Except for a few outliers, ZLIB compression actually reduced performance for a 1TB dataset. Uncompressed was 1.3x faster than Compressed.
The situation reverses at the 10 TB level. The gains from decompression are actually offset by the disk-read time.
The long-tail in 10TB/q21 threw the scale of the graph off, so I’ve excluded it in the results.
Talk about file-coalesce, small-file generation, Namenode pressure and parallelism.
You don’t want to read an ORC stripe from a different node.
Talk about distcp –pgrub, for ORC files.
Mention that SNAPPY’s license is not Apache.
Also, Yoda.
At 100 nodes, it performs at 0.9x the 350 node performance.
We’ve seen Hive and Tez scale down for latency, scale up for data-size, and scale out across larger clusters.
Familiarity : We have an existing ecosystem with Hive, HCatalog, Pig and Oozie that delivers revenue to Yahoo today. It’s hard to rock the boat.
Community: The Apache Hive community is large, active and thriving. They’ve been solving issues with query latency for ages now. The switch to using the Tez execution engine was a solution within the Apache Hive project. This wasn’t a fork of Hive. This is Hive, proper.
Scale: We’ve seen Hive and Tez perform at scale. Heck, we’ve seen Pig perform on Tez.
Multitenant: Yahoo’s use-case is unique, and not just because of data-scale. There’s hundreds of active users and genuine multitenancy and security concerns.
Design: We think the Hive community has tackled the right problems first, rather than throw RAM at the problem.
Bucky Lasek at the X-Games in 2001. Notice where he’s looking… Not at the camera, but setting up his next trick.
Security: Kerberos support was patched in, after the benchmarks were run.
Multi-tenancy:
Data needs to be explicitly pinned into memory as RDDs.
In a multi-tenant system, how would pinning work?
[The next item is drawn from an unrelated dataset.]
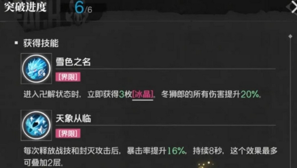 角色核心输出集中于卍解开启后的普攻循环,必杀技承担关键爆发段,而战技主要服务于增益构建——提供暴击率加成,并非主要伤害来源。因此,其战斗节奏强调状态维持与高频普攻衔接,对充能效率和暴击属性有明确需求。若未达到2命+专武配置,暴击率容易陷入短缺,导致普攻触发不稳定、整体DPS波动明显;而达成2命(提升32%暴击率)与专武(额外30%暴击率)后,暴击覆盖率显著跃升,输出质变清晰可见。
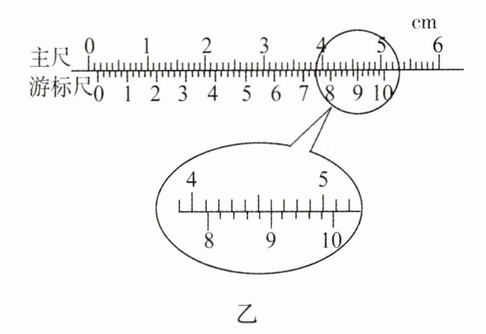 (4)题图甲读数l = 8 mm + 0×0.02 mm = 8.00 mm = 0.800 cm;题图乙读数d = 1 mm + 45×0.02 mm = 1.90 mm = 0.190 cm。

Eviction policy for data.
Compatibility:
Needs to work with Metastore versions 12 and 13. Shark’s gone to 0.11 just recently.
Integration with the rest of the stack: Oozie and Pig.
Overall, we wanted a solution that works with high-dynamic range. i.e. works well with small datasets (100s of GBs), as well as scale to multi-terabyte datasets. We have a familiar system that seems to fit that bill. It doesn’t quite rock the boat. It’s not perfect yet. There are bugs that we’re working on. And we still haven’t solved the problem of data-volume/BI.
By the way, I really like the idea of BlinkDB. I saw the JIRA.